The very nature of an ICC tournament feels very rigid in its makeup, with the feeling of a set script to follow, to which many of the lower-ranked teams are increasingly threatening to tear up – Zimbabwe’s qualification at the expense of Australia, following in the footsteps of Afghanistan, Bangladesh and United States in 2024.
Secretive affair
Even the draw for the tournament group stages is a seemingly secretive affair with no transparency over the carefully hand-picked groups – above all to ensure an agreed India versus Pakistan encounter to satisfy ICC’s biggest cash cow, despite the heavily one-sided product on the field once again failing to live up to anywhere near the hype surrounding the build-up.
Compare that to the World Cup in both football and rugby, where a live draw event is conducted to ensure a much higher degree of randomness to the layout of the competition between all seeded teams.
The pre-seeding has also been a common feature in cricket, unlike other sports, with pre-determined progression to map out the path to the final and lock in fixtures predominantly with the Indian viewership market in mind – though logistical challenges between the two host nations does make planning in advance beneficial for travelling fans.
As such, there has been no reward for finishing first in the group stage, as next round opponents will stay the same regardless – a Zimbabwe victory over Sri Lanka on Thursday will likely see all four group winners comprise one Super 8 group.
(Rafiq Maqbool/AP)
Lacking jeopardy
Knockout matches are a staple of sporting competition, though cricket tends to refrain itself from such high-pressured moments on the big stage.
Over a 55-match tournament, there are just three guaranteed winner-takes-all matches (semi-finals and final), even if final matches in the group or Super 8 stage may provide what are effectively knockout games.
The previous two editions of the 50-over World Cup have also had just three official knockout matches after a total of 45 group stage games, with often little riding on them towards the back end – a balance between the volume of cricket and entertainment factor of a tournament which has not quite felt right.

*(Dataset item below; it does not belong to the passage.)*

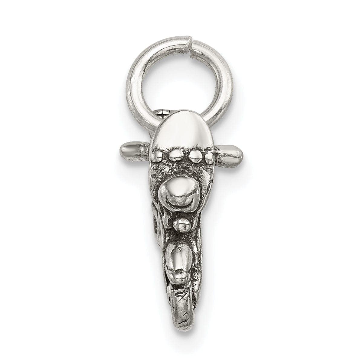 Add this Solid Sterling Silver Antiqued 3 Dimensional Motorcycle Charm Pendant to your jewelry collection today and ride in style. Perfect as a gift for yourself or for the motorcycle lover in your life, this pendant is a timeless piece that will be cherished for years to come. Order yours now and take your love for motorcycles to the next level.

Quarter-finals are a rarity in the sport, not seen since the 2011 and 2015 World Cup, though would produce higher stakes and drama with no room for error, whilst also giving more hope to the lower-ranked and Associate nations to progress even further.

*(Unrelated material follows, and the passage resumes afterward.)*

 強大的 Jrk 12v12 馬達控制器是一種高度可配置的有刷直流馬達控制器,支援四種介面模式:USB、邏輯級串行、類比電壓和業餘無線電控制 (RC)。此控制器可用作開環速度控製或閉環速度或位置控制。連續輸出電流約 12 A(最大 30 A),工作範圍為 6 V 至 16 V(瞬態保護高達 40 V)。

This would, in turn, increase the unpredictability and potential excitement of a global tournament more so than the T20 format does alone, which for many viewers would offset the loss of additional Round-Robin fixtures.
Less is more
In the upcoming FIFA World Cup this summer, there will be a total of 31 knockout matches (32 including the third-place play-off), representing nearly a third of the entire tournament – albeit a much larger pool of teams – where unexpected storylines are celebrated but here, the early exit of Australia will be met with disappointment by those in charge who will now not have a marquee fixture between the Aussies and co-hosts India as planned.
The Rugby World Cup in 2027 offers a much more comparative scale to ICC events with 24 nations competing across six groups of four, though rather than having the top two teams from all groups split into an equivalent two new groups of six, they have the four highest-ranked third place teams advance to a newly-created and more exciting Round of 16 knockout stage that rewards performance in the group stages (the same ratio of group stage to knockout matches as the FIFA World Cup).
Sometimes less is more. Cricket has a format unpredictable in nature and primed for global expansion, all the key ingredients needed, yet the ICC appears reluctant to relinquish their money-oriented control and provide a global event with the true essence of tournament sport at its heart – high-stake knockout matches.